Performance Analysis

Scenario: How much do cart:updated subscribers actually cost?

Steps

  1. Select the event in the list.
  2. See per-subscriber timings:
    Delivery:
    updateUI() 15ms
    persistState() 2ms
    triggerNotification() 89ms <- SLOW
    Total: 106ms
  3. Investigate the slow subscriber:
    • Why 89 ms?
    • Set a breakpoint or read the code.
  4. Optimize:
    • Shrink the payload.
    • Make the handler async (debounce/throttle).
    • Simplify the subscriber's logic.

Slow subscriber threshold

Event Lens flags any individual handler that takes > 50 ms with a SLOW badge. The total event delivery time is shown in the detail panel.
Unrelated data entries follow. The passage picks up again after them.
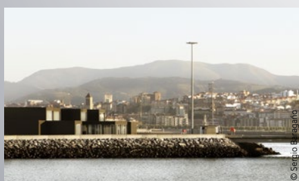
Plavební terminál Bilbao | Španělsko Architekt: Sergio Baragaño

Hairexcel® byl klasifikován ve třídě RC5 podle EN10169 pro ochranu proti korozi. Představuje ideální nátěr pro budovy s vyšší vlhkostí (tělocvična, bazén aj.) a lze jej aplikovat uvnitř i vně.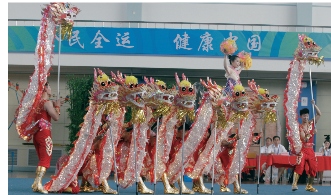
▲第十三届全运会群众比赛舞龙决赛收官，本期 A03 版精彩回放赛场内外。

演练现场，刘清早按照全运村各中心重点专项工作流程、点位及风险管理列出 110 个问题，逐一专项负责人、对接人进行提问，相关人员现场应答。针对回答，刘清早当即指出疏漏点，提出纠正完善意见。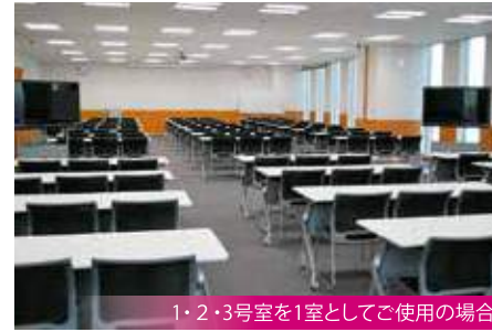
1・2・3号室を1室としてご使用の場合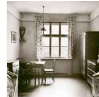
Zimmer für zwei Pfründner

heimbewohner zumeist in Ein- und Zweibettzimmern und nicht mehr nach Geschlechtern getrennt untergebracht, sodass Ehepaare jetzt zusammenleben konnten. Das neue Haus bot Platz für zunächst 616 Pfründner.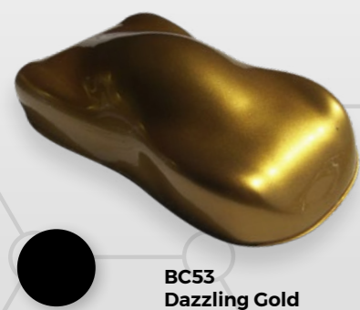
BC53 Dazzling Gold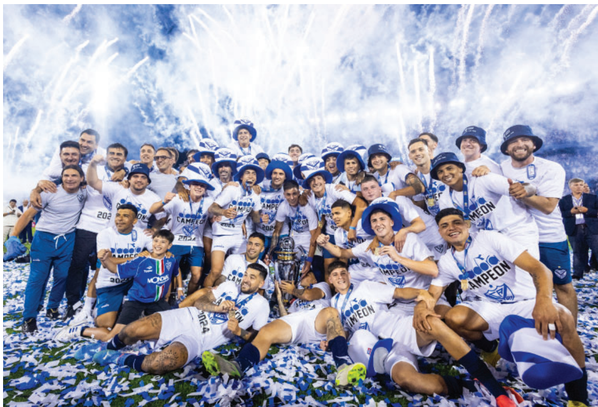
Un verdadero campeón que jugó todos los partidos decisivos de 2024 y en diciembre tuvo su ansiada coronación.

A 100 ms total delivery is the rough boundary where users start to feel UI lag — that's also the default subscriber-duration budget.

Tips & Tricks

  • Sort by delivery time — find your most expensive events at a glance.
  • Combine with Chains — slow subscribers often trigger more slow events; chain view exposes the cascade.
  • Watch the Leaks tab during dev — leaks usually appear during heavy interaction (scroll, resize, route changes).
  • Set tight budgets early — a 50 ms handler today becomes a 200 ms handler in six months unless someone is watching.